Patients with an LVEF of 35% or less, extensive coronary artery disease amenable to PCI, and demonstrable myocardial viability were randomized to receive PCI plus OMT (PCI group) or OMT alone. Totally, 347 were assigned to the PCI group and 353 to the OMT group. Over 41 months, a primary event (death from any cause or hospitalization for HF) occurred in 37.2% of the PCI group and 38.0% of the OMT group. Therefore, PCI revascularization has no benefit in these patients other than medical therapy.
Finally, two interesting articles addressed how drug titration can be managed in patients with HF .

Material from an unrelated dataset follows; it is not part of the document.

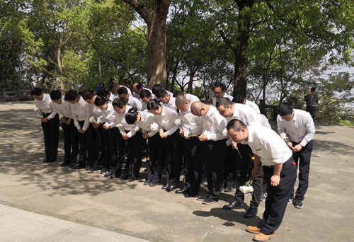 圖為敬獻(xiàn)鮮花 九峰烈士陵園始建于1956年,埋葬著20世紀(jì)50年代為國捐軀的120余位革命先烈。墓區(qū)內(nèi)青松翠柏環(huán)繞,墓前豎有一座“革命烈士永垂不朽”的石碑。上午10時許,祭掃儀式開始,全體人員懷著無比崇敬的心情向革命先烈鞠躬默哀,緊接著依次走到紀(jì)念碑前敬獻(xiàn)鮮花,表達(dá)對革命先驅(qū)的悼念與緬懷之情。在紀(jì)念碑前,全體黨員重溫入黨誓詞“我志愿加入中國共產(chǎn)黨,擁護(hù)黨的綱領(lǐng),遵守黨的章程......”
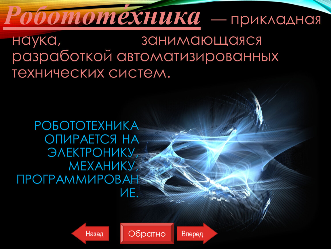 Робототе́хника — прикладная наука, занимающаяся разработкой автоматизированных технических систем.

- Accelerated and personalized therapy for heart failure with reduced ejection fraction . Eur Heart J 2022
- Safety, tolerability and efficacy of up-titration of guideline-directed medical therapies for acute heart failure (STRONG-HF): a multinational, open-label, randomized, trial. Lancet 2022
Until recently, guidelines recommended starting treatment in heart failure patients with a slow, controlled escalation of individual drug classes. However, the most recent guidelines state that four classes of drugs should be titrated on a faster schedule; Despite this, the order and speed of titration remained unaddressed.
Overall, these two trials provide strong support for accelerated guideline-directed titration of drug treatment, while the order of medications administered need not be based on historical background.